Толпа ответно гремела глотками людей и труб.
А Василь качался на голове Дерябина и шептал:
— Что русск, что вотск — Одно! Октяб! Октяб!
Часом позже сосед по вагону спросил Василя:
— А ты, паря, куда? Домой? Али с нами, на Колчаку?
Удмурт, вскидывая голову и винтовку, твердо ответил:
— Домой нет! Октяб! Надо слез отливать. С вами, товарища! — И потом, оборачиваясь к мертвым корпусам, уже тихо прибавил: — Пока!
В спокойных руках Василя так же, как одиннадцать лет назад, жарко бухнув, тяжело отдала новенькая, сверкающая лаком и воронением винтовка.
В двухстах метрах впереди, у самых мишеней, за бетонным щитом прикрытия, трижды полоснулся алый флажок заметчика.
— Десятай… Рассеивает мала. Кучна кладет.
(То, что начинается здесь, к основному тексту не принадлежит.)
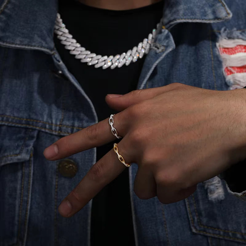 Bring the heat with this ICE STONECuban Link Ring, a standout piece crafted from 925 Sterling Silver and drenched in VVS round brilliant-cut Moissanite stones. With its micro-insert stone setting and gold or white gold plating, this unisex ring delivers next-level shine and passes the diamond tester—making it the ultimate blend of fire and finesse.

Годна! — неспеша произнес Василь и привычным движением опустил ружье на вагонетку приемщика.
Рельсы скрипнули, и новый штабелек девственно сверкающих винтовок подвинулся к стойкам дальномера.
— Опять с руки хлещешь, глазастый?! — зажимая свою винтовку в станок, чуть завистливо спросил солидно бородатый сосед-пристрельщик. — Какую сегодня?